■ Dataset excerpts ■

- Opening Delimiter -

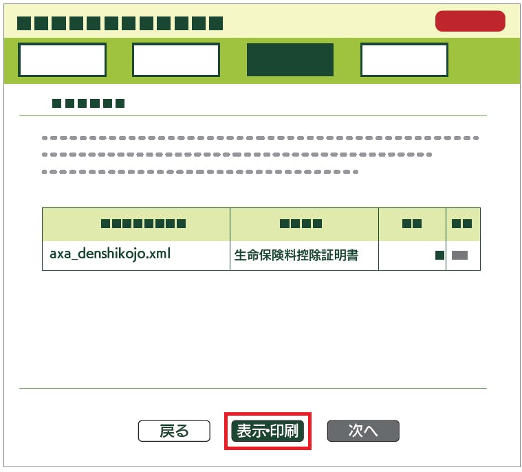 帳票名称の画面に「生命保険料控除証明書」の表示 がされたら、「表示・印刷」のボタンを押してください。
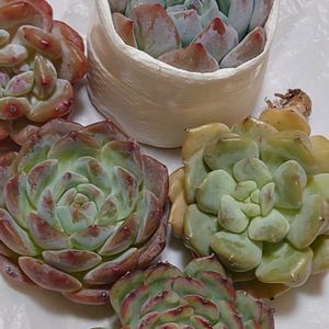 お迎え多肉 ①DAISO 多肉 チワワエンシス、リラシナ、プリドニス、冬美人、ピンクルルビー、ブルーサプライズ、ヘラクレス ②産直にて購入した夢玉、ビロード ③④Lierさん 初心者さんセット 桃太郎、雙花、パンジー、シルエット、アルケイン、デントラチェム、メキシカンスノーボール ⑤Porto さん 1月の福箱 ブラッククイーン、マディバ、キュービックフロスト、ジャイアントマジック、ホワイトシャンペン、シュガーゼリー、リラシナ×ラウイ、ソブリン、ファイヤーピラー、ジュピター、ホワイトザラゴーサ、ピンクザラゴーサ ポチって届き待ちが後2件ある上に 他にもお迎えした子たちが7苗いる…😅 ポチった子達が届くまで、 しばらく買わずに我慢する予定だけど…ね? 我慢出来るかな? つい見ちゃうんだよね…
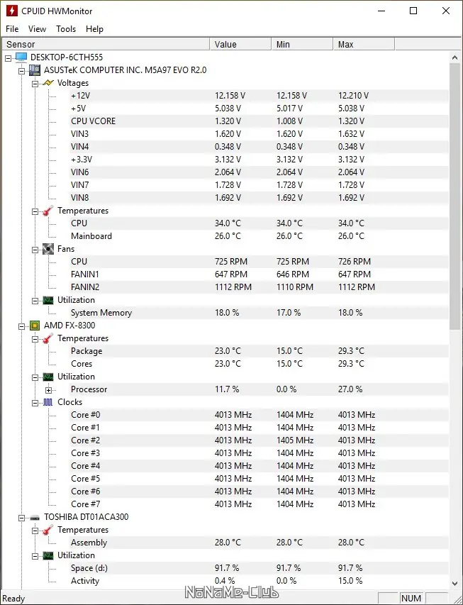 Интерфейс утилиты прост и интуитивно понятен. После запуска программа автоматически определяет установленное оборудование и начинает сбор данных. Основное окно отображает иерархическое дерево сгруппированных параметров, что упрощает навигацию. Пользователь может раскрыть разделы по компонентам — CPU, GPU, motherboard, drives — и увидеть текущие значения температур, напряжений и оборотов. Для удобства добавлены метки «min» и «max», показывающие диапазон изменения показателей с момента запуска. Никаких сложных настроек не требуется — всё работает «из коробки».
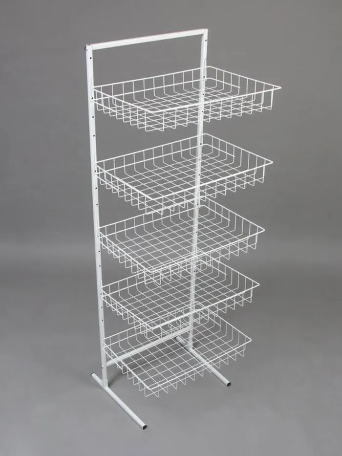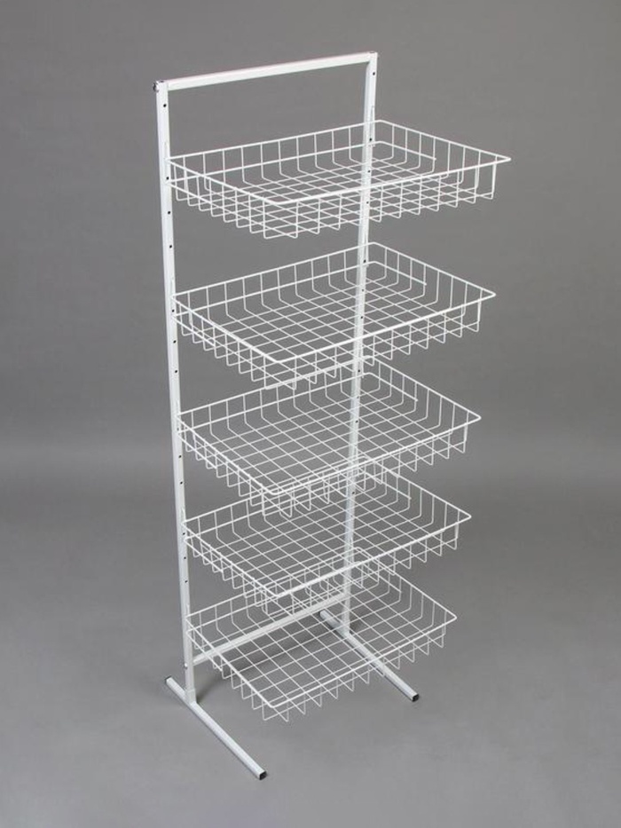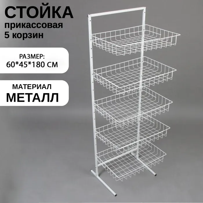Стойка прикассовая размером 60×45×180 см — идеальное решение для эффективной организации пространства на кассе. Она оборудована пятью корзинами, что позволяет удобно разместить различные товары, акционные предложения и сопутствующие изделия, упрощая покупателям процесс выбора.
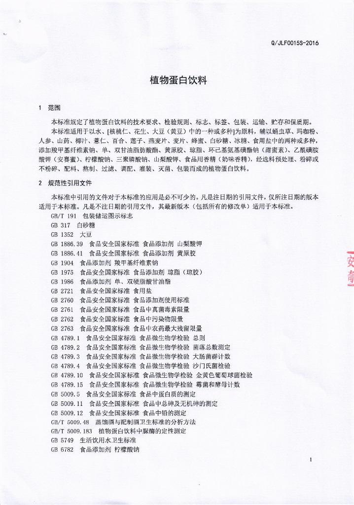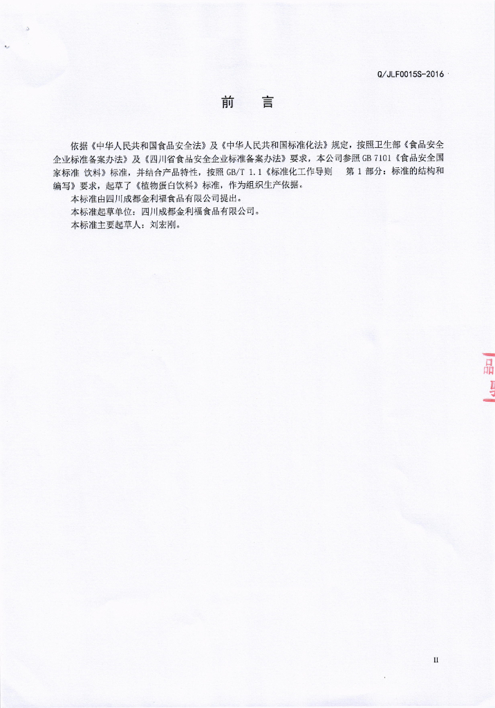 Q/JLF 0015S-2016 四川成都金利福食品有限公司 植物蛋白饮料
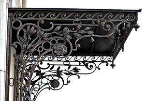 Кованые козырьки и навесы не только защищают от дождя, снега и сосулек, но и с успехом выполняют декоративную функцию.
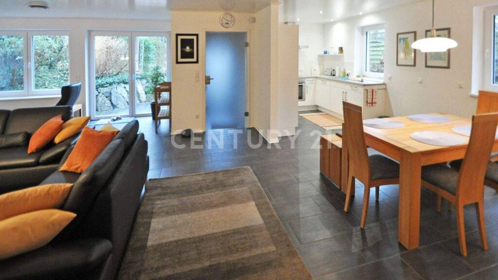 Zum Verkauf steht eine modernisierte Eigentumswohnung, die Ihnen den idealen Wohnkomfort bietet. Das Haus wurde 1991 erbaut und umfasst insgesamt sieben Wohneinheiten und eine Physiotherapie-Praxis. Im Jahr 2013 wurde die Souterrainwohnung zu Wohnzecken umgebaut. Die Wohnung hat drei Zimmer, die sich auf einer Wohnfläche von ca. 127 m² erstrecken. Beim Betreten der Immobilie gelangen Sie durch die Korridortür in den offenen und großzügigen Wohn-/Essbereich mit angrenzender Küche. Zudem befinden sich ein Schlafzimmer mit Bad en Suite, ein Arbeitszimmer, ein Gäste-WC sowie zwei Abstellräume in der Wohnung. Das geräumige Bad en Suite ist mit einer Dusche und einer Badewanne ausgestattet. Die Eigentumswohnung besticht durch ihre freundliche Atmosphäre, die vor allem durch die großzügigen Fensterflächen geschaffen wird. Außerdem gehören zwei Außenstellplätze zu der Wohnung dazu.
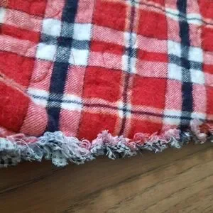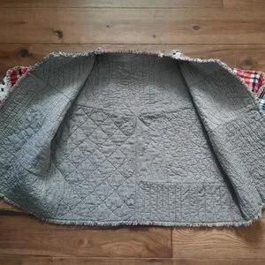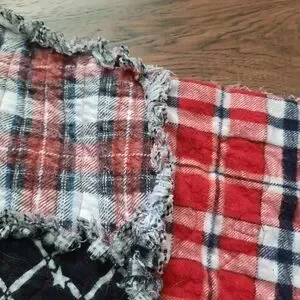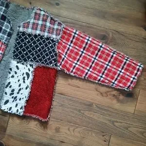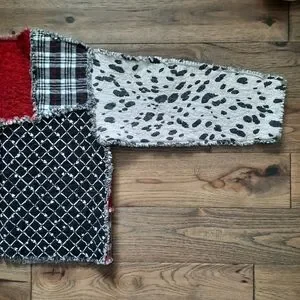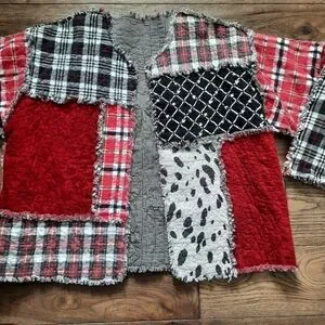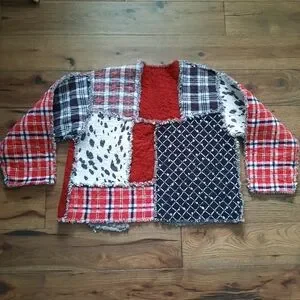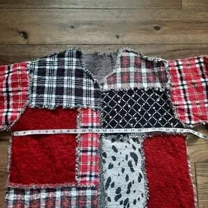 Great used condition unique patchwork open front jacket. Cottagecore. Possibly handmade as no tags attached. Quilted texture. Size will probably fit a large or extra large. Is quite oversized. Frayed "rag quilt" detailing. Feels like cotton materials used, some flannels. Great unique find /statement piece.
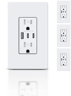 USB-C Wall Outlets, 6.0A Charging Power Outlet with 3 USB Ports, 20 Amp Duplex Tamper-Resistant Receptacle Plug, Screwless Plate Include, UL & FCC Listed, White, 4 Pack
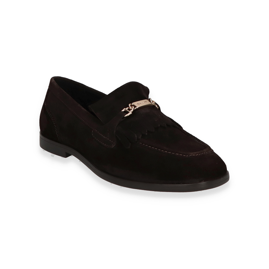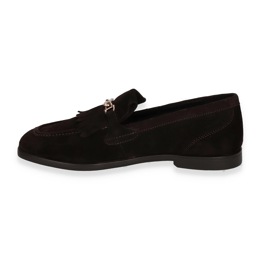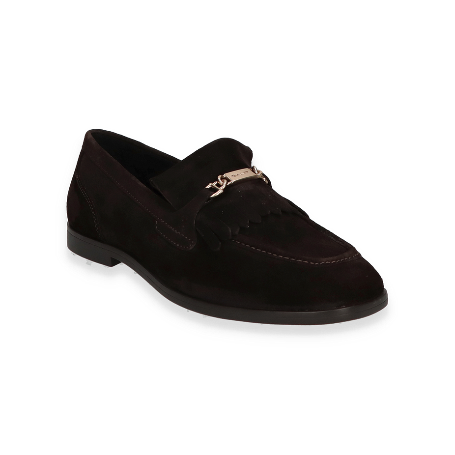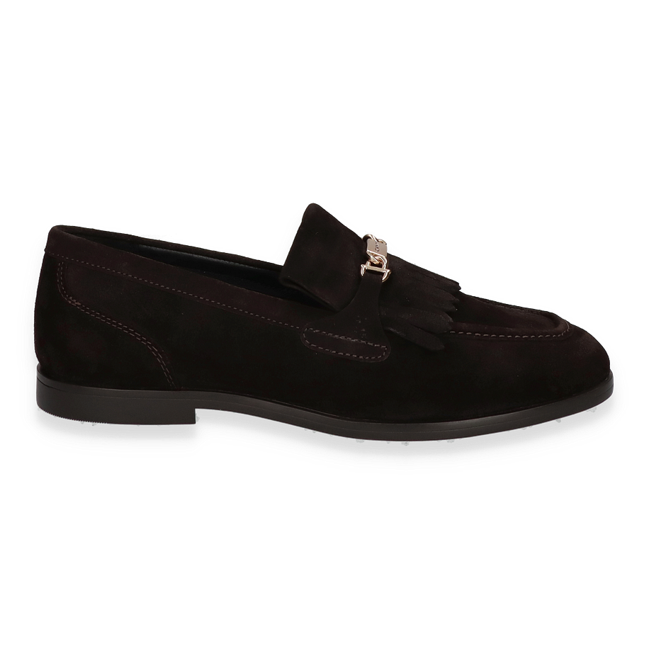 Preis inkl. MwSt.Der GANT GIMBLE Slipper für Damen präsentiert sich in einem eleganten Dunkelbraun, das zeitlose Raffinesse ausstrahlt. Die feine Verarbeitung des Leders verleiht dem Schuh eine luxuriöse Optik, während die dezente Verzierung auf dem Obermaterial für einen stilvollen Akzent sorgt. Die klassische Silhouette wird durch die sorgfältig gestalteten Details und die hochwertige Verarbeitung unterstrichen, was diesen Schuh zu einem idealen Begleiter für anspruchsvolle Anlässe macht.
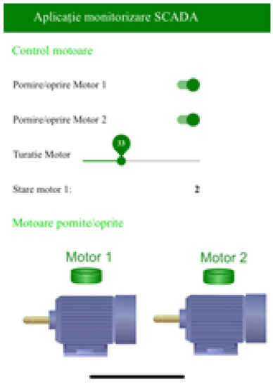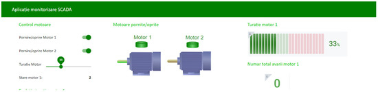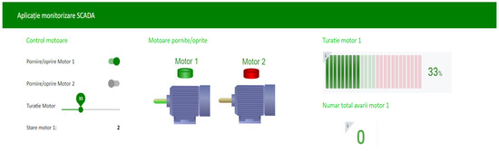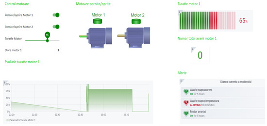 As enacted in Figure 5, it is observable that the running motor is motor 1, its revving is set to 81%, all of these being updated in real-time on the SVG model, alongside the imported panels. The real-time nature of the application allows for a precise monitoring of the information that circulates through the network.
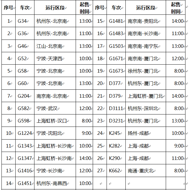 央廣網(wǎng)北京12月31日消息 記者從上海鐵路局獲悉,根據(jù)部分鐵路線路擴能改造施工和維修的進度安排,又一大波列車車票開始發(fā)售。具體如下:
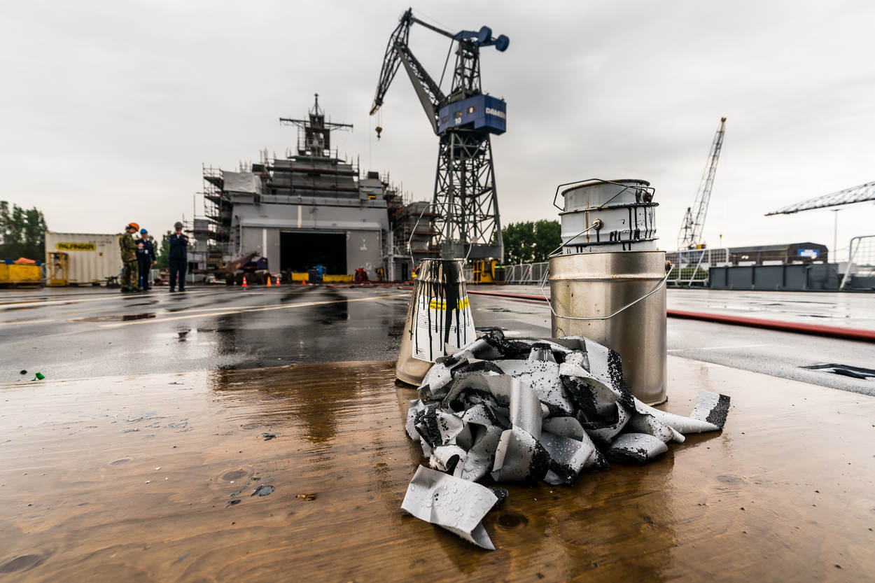 Van der Windt werkt 6 maanden in Amsterdam, waar de Rotterdam in het dok ligt bij Damen Shiprepair Amsterdam. “Zo’n 85 bemanningsleden, voornamelijk van de Technische Dienst, zijn meegekomen. Leven en werken op het schip kan nu niet, dus blijven ze in portocabins ernaast.” Naast de marinemensen lopen er dagelijks zo’n 300 werklieden door het schip van externe bedrijven en onderaannemers. Het projectteam van de DMI begeleidt hen. Naast het geplande werk zijn er zo’n 250 meewerkopdrachten gegund voor bijvoorbeeld extra reparaties aan pompen, afsluiters en elektra. Eind augustus keert het schip terug naar thuishaven Den Helder. “In 6 maanden ronden we daar de 2e helft van het onderhoud af.”

- Closing Delimiter -

■ WHAT YOU WILL DO ■
Reproduce the entries exactly, from the line with "Q/JLF 0015S-2016 四川成都金利福食品有限公司 植物蛋白饮料" to the line with "Кованые козырьки и", both lines included, keeping no pictures.

■ SOLUTION TO THIS PROBLEM ■
 Q/JLF 0015S-2016 四川成都金利福食品有限公司 植物蛋白饮料
 Кованые козырьки и навесы не только защищают от дождя, снега и сосулек, но и с успехом выполняют декоративную функцию.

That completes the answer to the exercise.